(Data section begins)

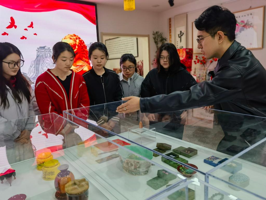 本站訊(通訊員 上官萌萌)為進一步涵養學生廉潔意識,落實新時代立德樹人根本任務,扎實推進“廉潔文化進校園”落地生根,3月26日下午,天津師范大學數學科學學院黨委副書記兼紀委書記彭永剛帶隊,組織師生10余人赴天津市北辰區半畝方塘非遺文化學院,開展“津門古韻潤初心 數學青年承文脈”廉潔文化主題團課實踐活動。全國青年馬克思主義者培養工程學員、半畝方塘非遺文化學院負責人、白氏點翠修復與制作技藝非遺傳承人李靖,北辰區青年志愿者協會副會長徐芃澤共同參與活動。
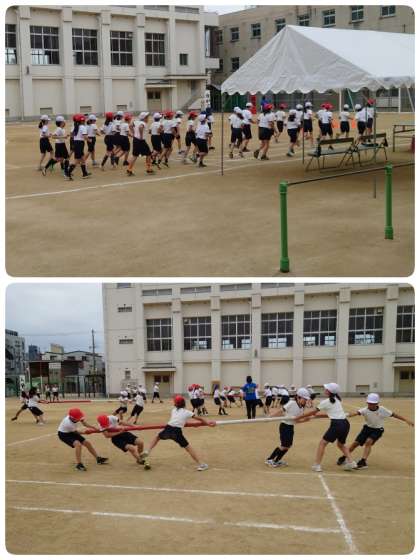 *写真は、4年生の団体競技「棒引き ひっぱれ!」と5・6年生の団体演技「Nakahama Dream the Ride−59人の最高を、お届けしたい。−」の様子です。
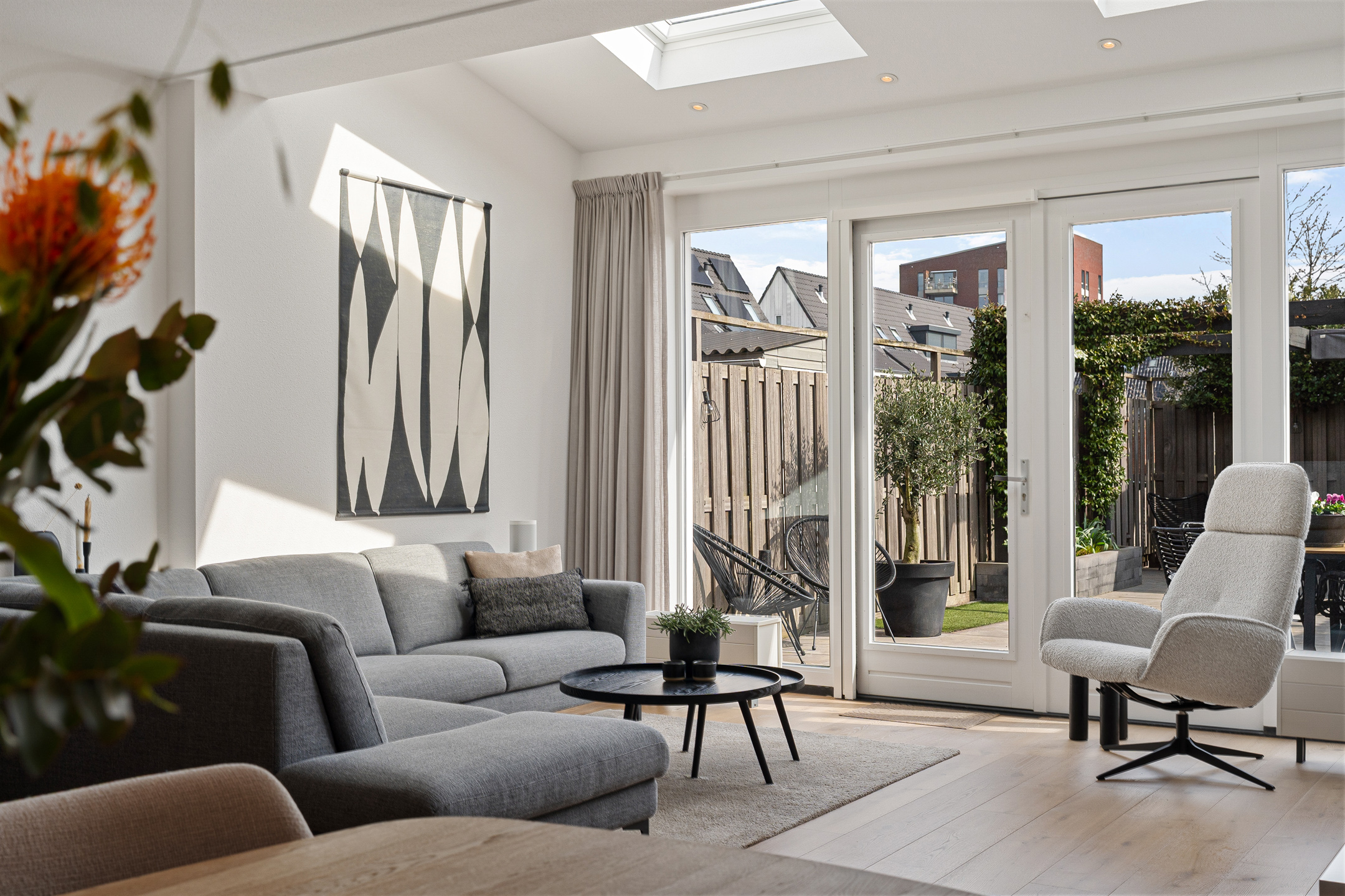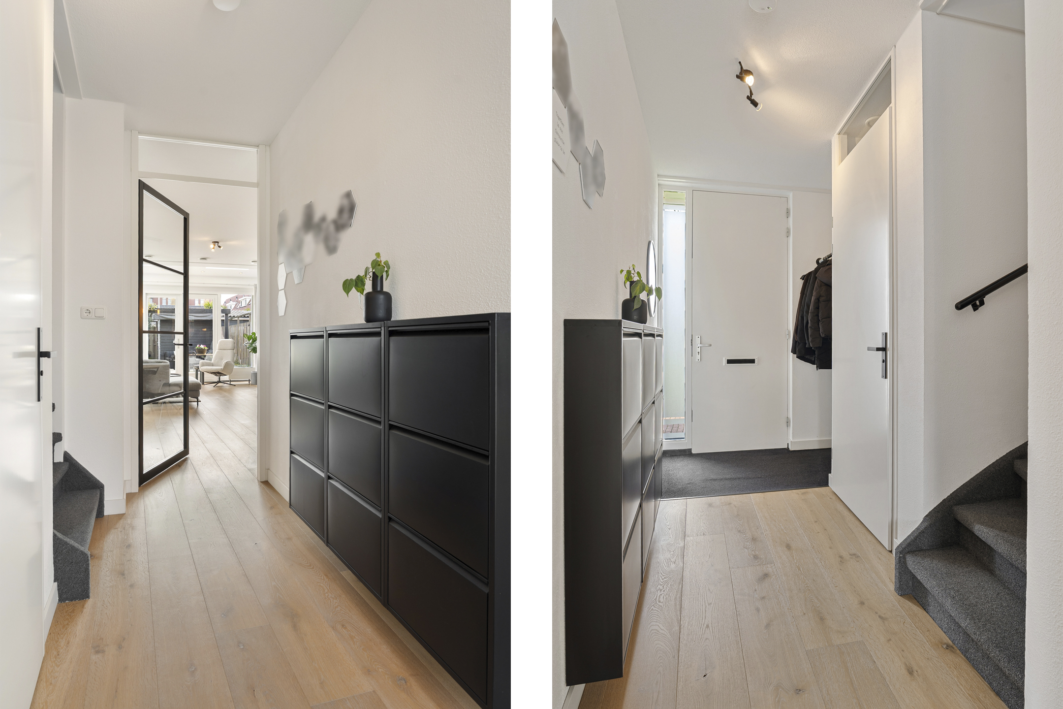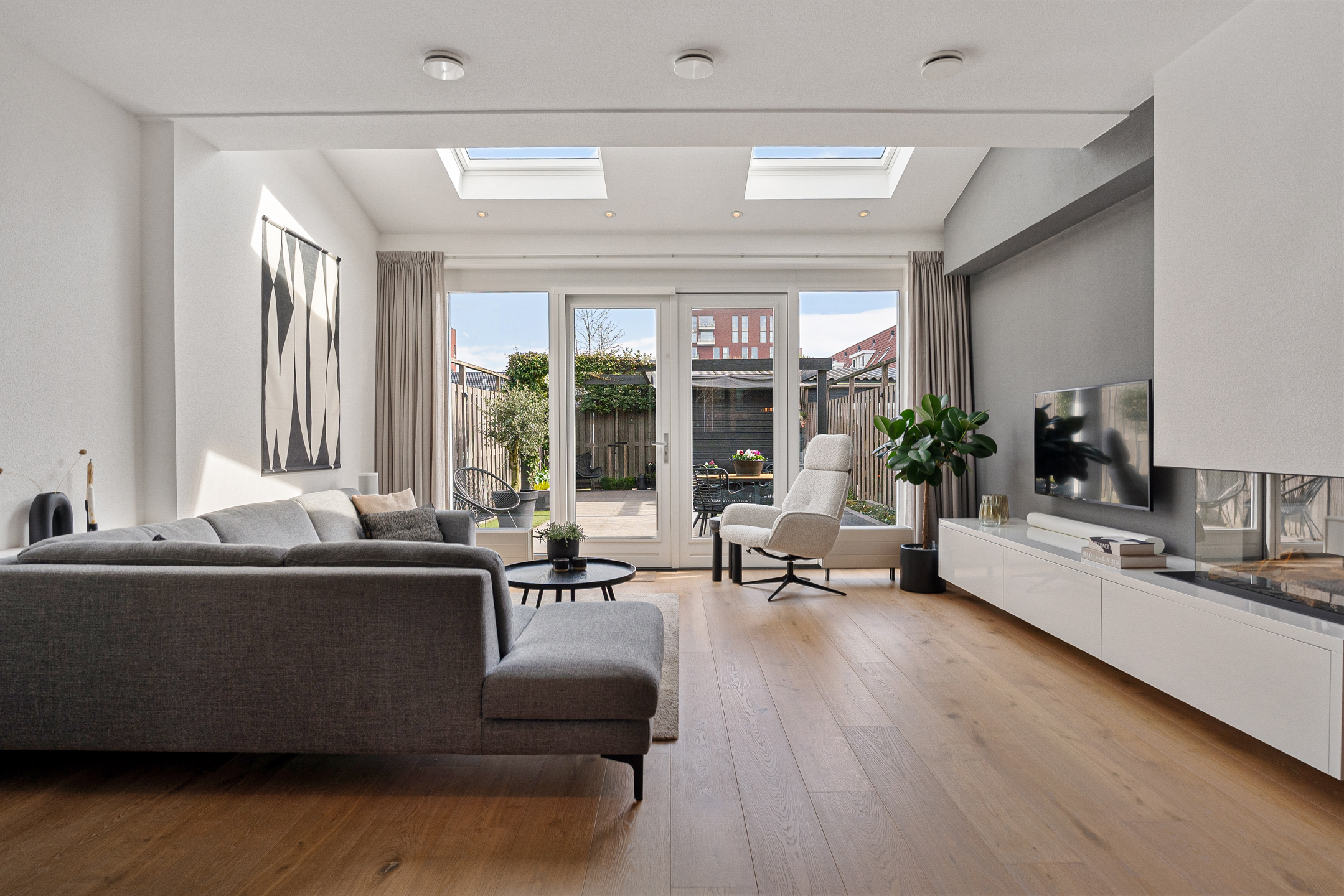 Bij binnenkomst stap je in de lichte hal, die toegang biedt tot het toilet en de trap naar de eerste verdieping. De ruime woonkamer profiteert van veel natuurlijk licht en is door de uitbouw van circa 2,5 meter aan de achterzijde aanzienlijk vergroot.

(Data section ends)

**Required action**
Copy exactly the lines running from the line with "Dream the Ride−59人の最高を、お届けしたい。−」の様子です。" to the final line of the listing, keeping both ends and dropping any picture.

**Your response**
 *写真は、4年生の団体競技「棒引き ひっぱれ!」と5・6年生の団体演技「Nakahama Dream the Ride−59人の最高を、お届けしたい。−」の様子です。
 Bij binnenkomst stap je in de lichte hal, die toegang biedt tot het toilet en de trap naar de eerste verdieping. De ruime woonkamer profiteert van veel natuurlijk licht en is door de uitbouw van circa 2,5 meter aan de achterzijde aanzienlijk vergroot.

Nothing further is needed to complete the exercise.